A further understanding of the molecular mechanisms governing the repression versus activation of the DNA DSB surveillance/repair apparatus at the telomere could lead to the development of novel cancer therapeutic options. For example, the design of agents that can uncap telomeres while preserving the DNA damage checkpoint response yet neutralize the actual DNA damage repair process would be ideal because they would produce unrepaired DSBs and elicit cell-cycle arrest or apoptosis responses. Lastly, in the near future, agents designed to uncap the telomeres could be used in combination with conventional chemotherapeutic agents that create DSB for cancer treatment, thereby simultaneously targeting these intertwined pathways.


Telomerase

Conventional DNA polymerases operating in the S phase of the cell cycle require an RNA primer for reverse-strand synthesis, resulting in incomplete DNA replication of telomeres during each cell division. The solution to this “end-replication problem” is the telomere-synthesizing telomerase enzyme, a specialized ribonucleoprotein complex with reverse transcriptase activity. The functional telomerase holoenzyme is a large multisubunit complex that includes an essential telomerase RNA (hTERC) component serving as a template for the addition of telomere repeats and a telomerase reverse transcriptase (hTERT) catalytic subunit.14 In some normal human somatic cells, telomerase levels are insufficient to maintain telomere length, resulting in progressive attrition with each cell division. This forms the basis for the theory that the metered loss of telomeres can serve as a cellular mitotic clock that ultimately limits the number of cell divisions and cellular lifespan. In support of this view, shortening of telomere length with aging can be demonstrated in human peripheral blood cells,15,16,17 and the rate of shortening can be associated with conditions of increased hematopoietic stem cell turnover (e.g., in paroxysmal nocturnal hemoglobinuria).18

Many normal somatic human cells and differentiated tissues express readily detectable levels of the hTERC component. In contrast, hTERT expression and activity are more restricted because of stringent regulation on the levels of transcriptional initiation, alternative RNA processing, posttranslational modification, and subcellular localization. With the identification of an increasing number of TERT-associated proteins, it is likely that additional regulatory mechanisms will surface, such as those governing the accessibility of the telomerase holoenzyme onto the telomere end.19 Here again, a more complete elucidation of these regulatory mechanisms may provide additional therapeutic strategies that can preferentially target telomerase-mediated telomere maintenance in cancer cells. Indeed, the development of such selective strategies may become paramount and more challenging as recent studies have revealed low telomerase levels in cycling somatic human cells that were previously thought to have no telomerase activity.20 Eradication of residual telomerase function in these primary cells alters the maintenance of the 3′ single-strand telomeric overhang without changing the rate of overall telomere shortening, resulting in diminished proliferation rates and overall reduction in proliferative capacity.

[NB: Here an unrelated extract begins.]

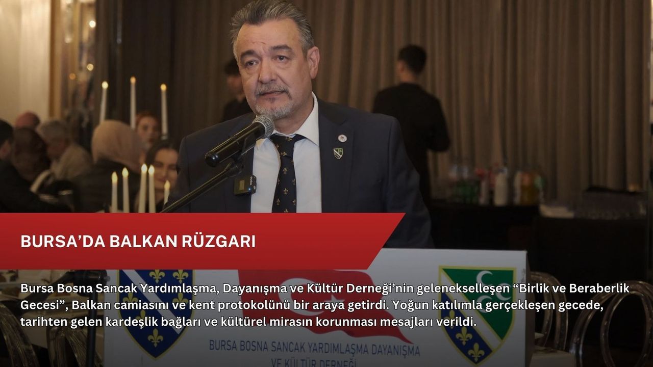 Bursa Bosna Sancak Yardımlaşma, Dayanışma ve Kültür Derneği tarafından düzenlenen ve artık geleneksel bir marka haline gelen “Birlik ve Beraberlik Gecesi”, kültürel zenginlikleri ve güçlü dayanışma ruhunu bir kez daha gözler önüne serdi. Bursa Bosna Sancak Derneği Yönetim Kurulu Başkanı Sadık Şengül’ün ev sahipliğinde düzenlenen geceye; Sırbistan Sancak Milletvekili ve TBMM Parlamentolararası Dostluk Grubu Başkanı Muammer Baçevac, Sırbistan Boşnak Milli Meclisi Başkanı Fuad Bacıca, AK Parti Bursa Milletvekili ve TBMM Bosna Hersek Dostluk Grubu Başkanı Refik Özen, AK Parti Bursa Milletvekili ve TBMM Sırbistan Dostluk Grubu Başkanı Ayhan Salman, AK Parti Bursa Milletvekili Ahmet Kılıç, CHP Bursa Milletvekili Hasan Öztürk, Bursa Büyükşehir Belediyesi Başkan Vekili Mehmet Aydın Saldız, Yıldırım Belediye Başkanı Oktay Yılmaz, Türkiye Bosna Hersek Kültür Dernekleri Federasyonu Başkanı Barbaros Taşer, konsoloslar, siyasi parti temsilcileri ve çok sayıda sivil toplum kuruluşu başkanı katılım sağladı.

These studies support an additional protective function of telomerase at the telomeres21 and raise concerns that generalized antitelomerase therapy could lead to the immediate uncapping of telomeres in normal cells, thus limiting the use of antitelomerase therapy in cancer patients.

Lastly, in addition to forming the telomerase holoenzyme complex with TERC, TERT was recently shown to be able to interact with the RNA component of mitochondrial RNA processing endoribonuclease (RMRP). This distinct TERT/RMRP ribonucleoprotein complex has RNA-dependent RNA polymerase activity and produces double-stranded RNAs that can be processed into small interfering RNAs.22 Also, there is compelling experimental evidence that TERT can interact and engage the Wnt signaling pathway.23,24 These results suggest that TERT contributes to cell physiology independently of its ability to elongate telomeres, a fact that further complicates efforts to specifically target telomerase enzymatic activity as an anticancer therapy.


SENESCENCE

Primary human cells, even when cultured under optimal conditions, will eventually encounter a cell division barrier, termed cellular senescence, triggered by critically shortened telomeres. Senescence is a specific cell biologic phenotype composed of a permanent and durable growth
arrest, alterations in cellular morphology, expression of characteristic markers of senescence such as senescence-associated (SA) β-galactosidase activity, and alterations of chromatin structure to a growth-repressive state.25 Induction of senescence is intimately associated with p16INK4a and p53 activation, and when induced in vitro as a result of telomere dysfunction, this barrier is termed the Hayflick limit (M1) in honor of the discoverer of senescence.26 Because loss of p16INK4a-RB and/or p53 pathway function in primary human cells permits additional cell divisions beyond the Hayflick limit, these pathways appear to be involved in the activation of this senescence program brought about by the “shortened telomere” signal.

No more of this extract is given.